Tadi pagi dapat kabar nenekku (dari pihak mama) telah meninggal sekitar jam 8 pagi waktu Gorontalo, setelah beberapa jam sebelumnya -katanya- sudah menunjukkan ‘tanda-tanda’ bahwa waktunya tidak lama lagi. 🙁 😥
Asal tahu saja, ketika dapat kabar kalau beliau nafasnya sudah tidak beraturan, aku sempat gedar-gedor rumah salah satu omku yang tinggal dekat rumah lantaran tidak bisa dihubungi lewat telepon. Teleponnya dimatikan. Untungnya, setelah sekitar satu jam ‘berjuang’, akhirnya si om dapat dibangunkan agar dia bisa mengetahui keadaan terakhir.
Sedikit mengenang nenekku yang oleh para cucunya biasa dipanggil “apu” itu, aku jadi ingat dulu pas kecil cukup sering dikirimi masakan olehnya. Yang paling aku ingat adalah masakan ikan yang enak (namanya lupa). Nenekku itu juga tergolong sabar dalam menghadapi cucu-cucunya, termasuk yang nakal banget sekalipun. Terakhir pas aku pulang dan bertemu dengannya, ia terlihat masih cukup sehat. Masih kuat untuk berjalan dan setiap orang pamitan pulang, ia selalu ingin mengantar sampai depan pintu rumah. Sayang, tidak lama kemudian terderngar kabar ia sempat terjatuh sehingga harus berbaring terus. Kejadian itu membuat kondisinya jadi sangat menurun. Sehari sebelum meninggal, para keluarga dan kerabat dekat sempat merayakan ulang tahunnya yang ke-88.

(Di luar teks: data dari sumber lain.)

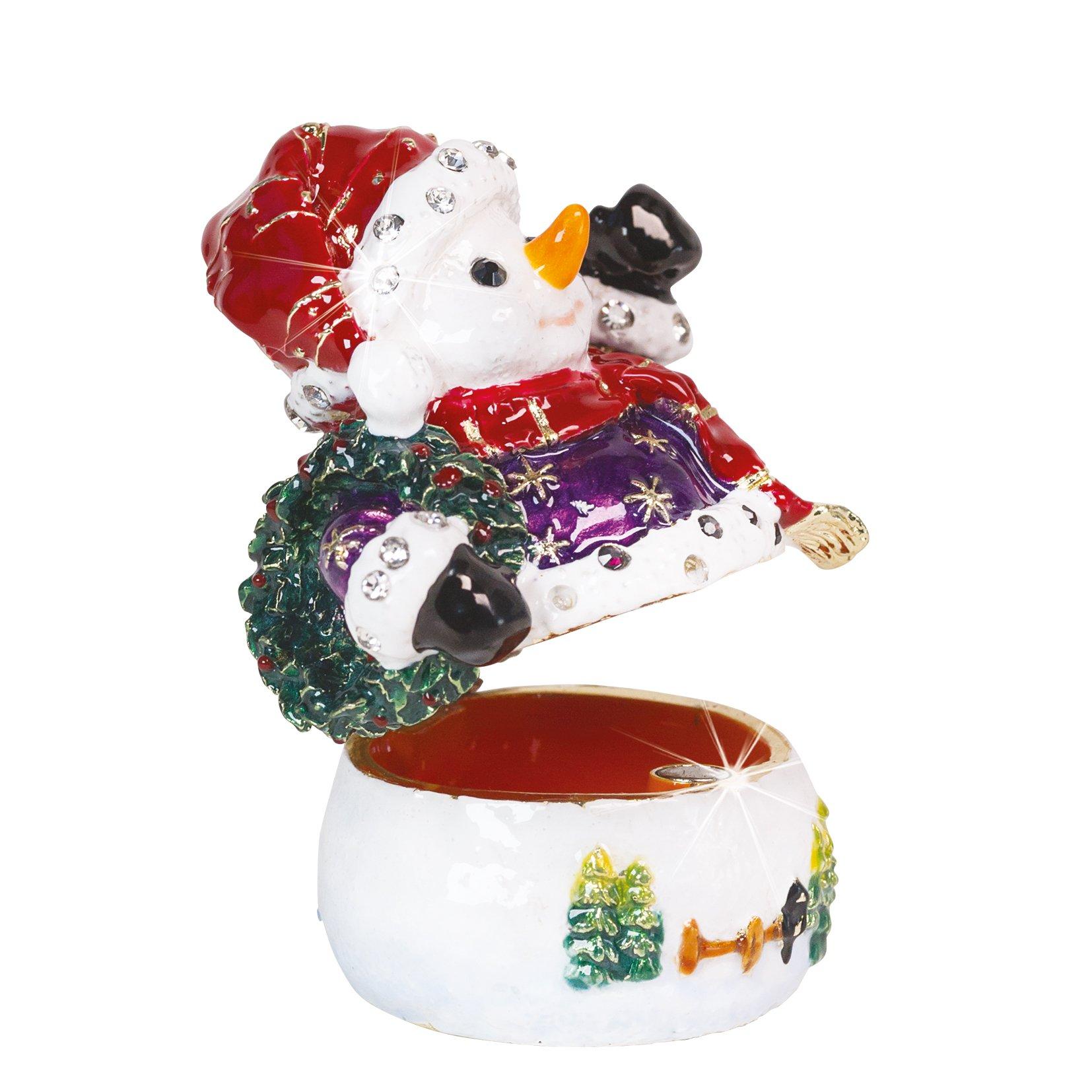 Craycombe Christmas - Snowman & Scarf A Beautiful seasonal trinket box, hand painted in vibrant enamels and embellished with crystals. Comes in a smart red gift box. 8cm H

Yang cukup melegakan, seperti yang diceritakan kepadaku, ia terlihat dapat menghembuskan nafas terakhirnya dengan tenang sambil dibacakan paritta (semacam ‘doa’ dalam Agama Buddha) oleh para anggota keluarga. Sekedar informasi, dalam ajaran Agama Buddha, kondisi pada saat menjelang kematian seseorang memang sangat penting untuk menentukan keadaan kelahirannya yang berikut. Dengan kondisi yang tenang dan damai seperti itu serta didukung dengan segala perbuatan baik beliau semasa hidupnya, semoga beliau dapat terlahir kembali dalam keadaan dan kondisi bahagia serta menyenangkan. Sadhu… sadhu… sadhu.